Groupon lost more than a quarter of its value as its shares sank to a record low today, after dismal results drove more investors away from the once-red-hot company and raised questions about its main business.
The daily deals purveyor founded by quirky music graduate Andrew Mason, this year joined fellow recent dotcom debutantes such as Facebook and Zynga in shedding a massive chunk of its market value in past months.
Groupon hit $5.46 in afternoon trading, down 72 per cent from its $20 November IPO price and losing almost $1.3 billion of value today. The total value lost since its IPO is nearly $9.4 billion.
Yesterday, the company blamed a flagging European business for sharply missing second-quarter revenue expectations.
Today's Internet stock selloff extended to Facebook and Yelp, which fell 4 per cent to 6 per cent.
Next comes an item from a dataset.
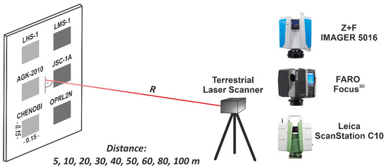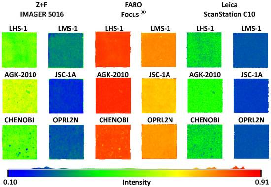 This study conducted laser scanning of LSS specimens in an outdoor environment (temp. +10 °C ± 1 °C; r.h. 50% ± 1%). Specimens were scanned at nine different distances (5, 10, 20, 30, 40, 50, 60, 80, and 100 m). These distances were selected based on the authors’ previous experience with the scanners [19,44] and LSSs [29,30]. A TLS measurement from a distance of up to 100 m is sufficient for the construction of future habitats and structures on the Moon. During the measurements, the laser beam struck the LSS specimens perpendicularly. The incidence angle of the laser beam ranged from 0° to 2° and did not affect the values of the intensity (see Equation (1)). A schematic of the measurement setup is shown in Figure 2. As an example, the full results of the LSS measurements from a distance of 5 m are presented in Figure 3.
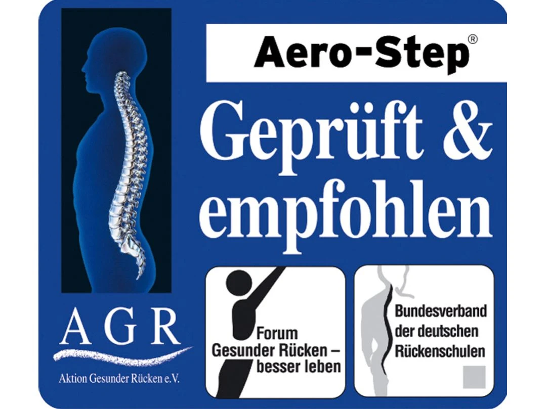 Balance-Trainer für Fitness und Therapie zur Verbesserung von Koordination, Balance und Gleichgewicht. Die genoppte Oberfläche sorgt zusätzlich für eine sanfte Massage und steigert die Durchblutung. Egal ob stehend oder liegend, der luftgefüllte Aero Step bildet mit dem Luftkammersystem eine instabile, rutschfeste Unterlage und fordert daher den Körper ständig zur Stabilisierung und kräftigt dabei die tiefer liegende Muskulatur.

Groupon - first billed by Forbes as the fastest-growing private company in history - began in 2008 by offering huge discounts on local services from spa treatments to restaurant meals to millions of online subscribers.
Its phenomenal growth culminated in a turbulent November IPO, marred by multiple regulatory questions about its accounting, such as booking all revenue from voucher sales even though merchants get a hefty cut of deals.
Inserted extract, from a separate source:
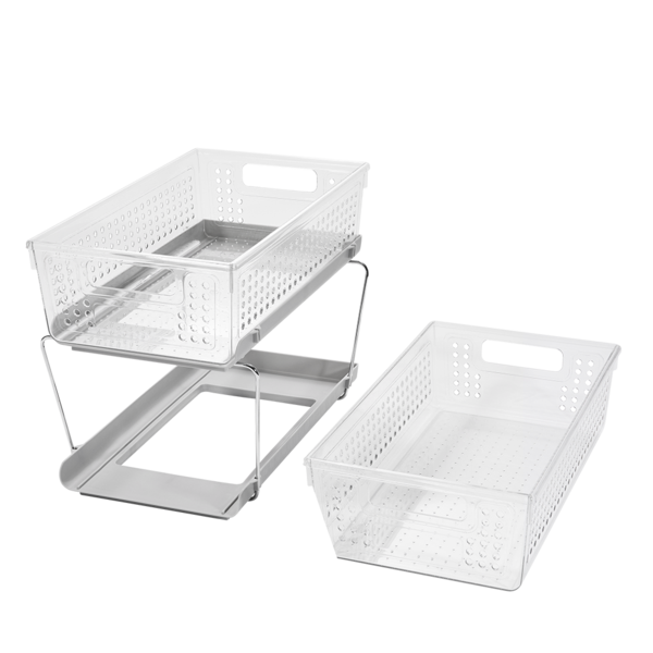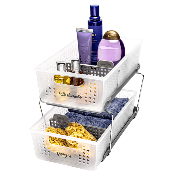 The Two Level Storage with Dividers by Madesmart® makes organisation easy, working as a handy and cost effective alternative to built-in shelves, created with the bathroom in mind.
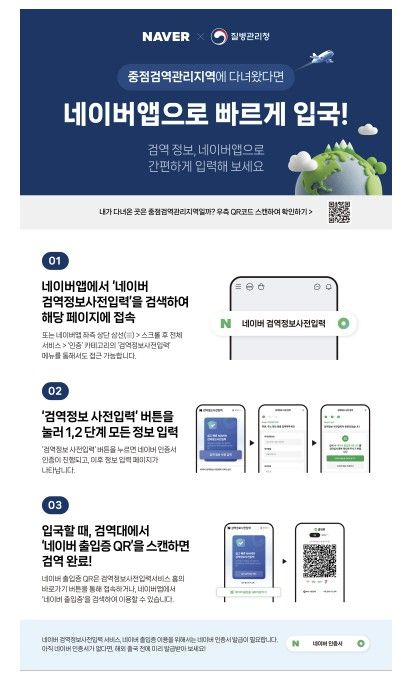 질병관리청은 입국자 검역정보 사전 입력 시스템(Q-CODE·큐코드)을 네이버와 연계해 간소화한다고 15일 밝혔다.

Mr Mason, a novice CEO prone to bombastic staff memos, initially defended Groupon as a unique corporation, but later gave in to investors' demands for greater balance-sheet transparency.
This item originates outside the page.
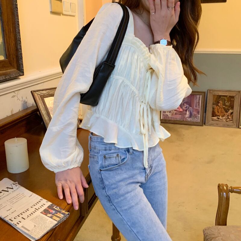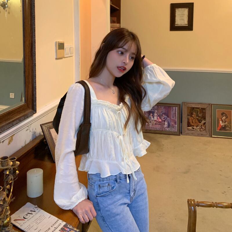 【韓国通販 dgo】ショート丈 スクエアネック パフスリーブ 長袖 レトロ シャツ ブラウス 2020年 夏 秋(A1692)

But the company's stock has headed south since its debut as fears grow about its ability to sustain the growth of its daily deals business.
At least two brokerages today downgraded Groupon and six others cut price targets on the stock, which fell 27 per cent to $5.51 as the most heavily traded stock on the Nasdaq.
Its core business of promoting daily deals has slowed, prompting it to expand into new areas such as consumer product sales and merchant services that have lower margins.
Second-quarter billings, a key metric for online businesses, fell 5 per cent from the first quarter in its first-ever sequential billings decline. Meanwhile, stiff competition from rivals such as LivingSocial, Amazon.com and Google, may be compressing margins, by offering participating merchants higher shares of deal revenue.
Gross margin in the second quarter fell 2.4 per cent from the first quarter, to 76.2 per cent.
Analysts say Groupon's goods business, which sells discounted consumer products, and its other fast-growing new initiatives may not be as profitable as its daily deals.
Sales of goods accounted for 11 per cent of Groupon bookings in the second quarter.
Revenue from Groupon's international business fell 4 per cent in the second quarter from the first. The international business accounted for about 54 per cent of total revenue in the second quarter.